— INFORMATION SUPPLIED —
Start of Block

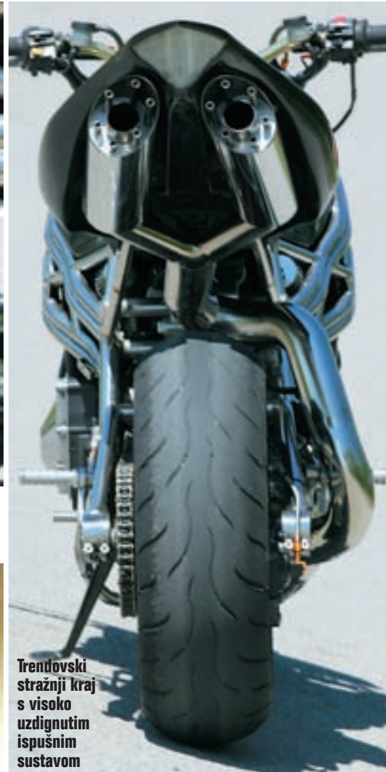
Trendovski stražnji kraj s visoko uzdignutim ispušnim sustavom

nje, rastavljanje i dorada, završna obrada i na kraju testiranje i kontrola, a sve to oduzima jako, jako puno vremena.
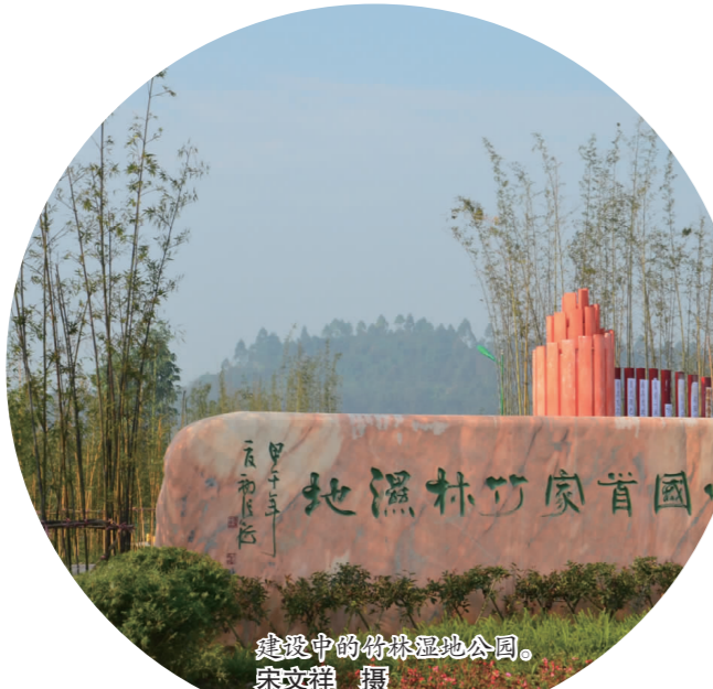
建设中的竹林湿地公园。
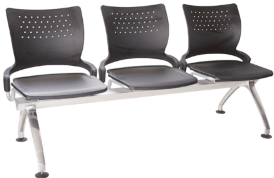
BANCA SAUCO 3

End of Block

The reply should repeat the listing above exactly and contain no pictures.

Trendovski stražnji kraj s visoko uzdignutim ispušnim sustavom

nje, rastavljanje i dorada, završna obrada i na kraju testiranje i kontrola, a sve to oduzima jako, jako puno vremena.
建设中的竹林湿地公园。
BANCA SAUCO 3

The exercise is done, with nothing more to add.